Each of the three C’s builds upon one another. Confidence is derived from being comfortable with who you are as well as having a working knowledge of the subject matter. Competence is a reflection of how comfortable you are with a particular topic, and you typically display more confidence the more competent you are. Credibility comes when, through your confidence and competence, you are able to deliver what you have committed to. When you are credible, people believe you because your “Say/Do Ratio” is equal- i.e., what you say you are going to do = what you actually do.

You can increase your confidence, competence and credibility by doing the following:

  • Consistently deliver exceptional results – Everything starts and ends with the ability to produce exceptional results on a consistent basis.

  • Connect the dots – Be a clear thinker who connects the strategic picture to tactical objectives with accountability. Clear thinking is one of the main traits of a growth leader.

  • Demonstrate intimate knowledge and expertise – This is where many people can gain their confidence, as expertise is also a growth leader trait. Each of us should develop functional depth on a subject related to our position. You gain this knowledge through varied experiences and a compilation of skills. It is important to realize that you shouldn’t act like you know something when you really don’t. It’s OK to say, “I don’t know” if you commit to finding the answer.

  • Exude confidence, not arrogance – Be confident yet humble. Don’t act like you have all the answers and know everything. And do not be prideful, arrogant or boastful. Leaders with impact are open to feedback and opposing points of view.

  • Maintain composure – We all have crises and emergencies. Leaders with impact are calm and collected as they manage the issues. In other words, they understand the magnitude of the issue, put emotions into perspective, create an action plan and communicate the issue and plan to stakeholders.

  • Present information clearly and concisely – Here there are two equally important concepts: preparing the pitch and delivering the pitch. You must construct your presentation so the message, call for action and next steps are clear and flow well throughout the pitch. This includes the use of charts, colors and graphics. Once you have created the presentation, you must deliver it with the appropriate use of gestures, voice inflection, audience interaction and eye contact.

  • Interact and communicate at all levels – Leaders with impact can interact and communicate with exempt, non-exempt and hourly employees. It shouldn’t matter what the person’s title or job responsibilities are. Leaders with impact display respect and consideration to all. This is consistent with the inclusive growth leader trait.
Note that we can use the phrases “Executive Presence” and “making an impact” interchangeably. Making an impact means understanding that our economy is a meritocracy. The United States is a place where performance and execution count the most.

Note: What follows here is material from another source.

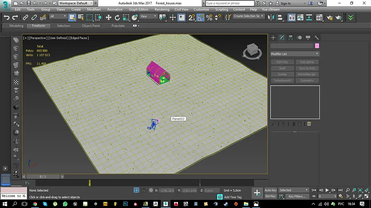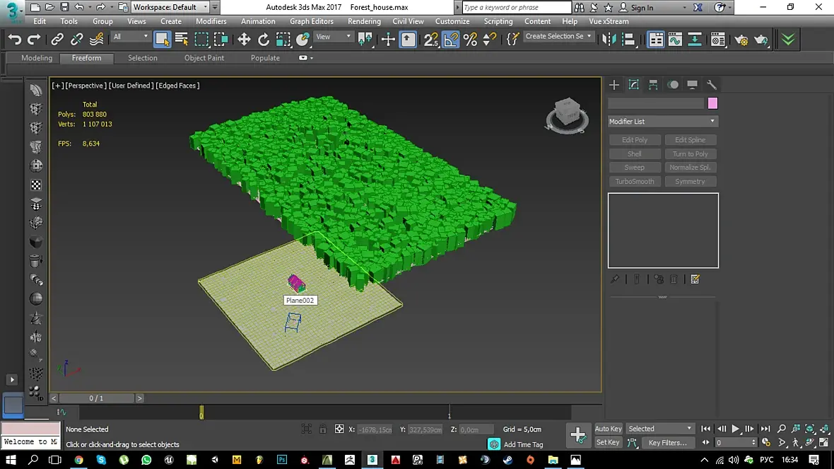 Дальше замоделил плейн, который будет играть роль подложки для леса. Наскаттерил туда ёлок.

Your drive, determination and commitment to succeed are part of the image you project.

The PIE model (based on “Empowering Yourself – The Organization Game Revealed” by Harvey Coleman) is a framework for success that lays the foundation for personal and professional growth. It comprises performance, image and exposure:
  • Performance: This is your entry ticket and reputation-builder. It begins your legacy – the common denominator in the promotion process. It also confirms your ability to take on more responsibility, helping you to stay above the bar as it is continuously raised.

  • Image: It is the message that you send before you speak, whether intentional or not. It includes attire, confidence and demeanor, and develops early in your career. Every interaction counts, so make sure that all are positive.

  • Exposure: This lets others know of your performance and makes you visible to those who can influence your career. It can be enhanced by a strong network of mentors, bosses and champions. Exposure is a double-edged sword; if you perform well and obtain exposure, you can score a home-run. If you perform poorly and obtain exposure, you can strike out.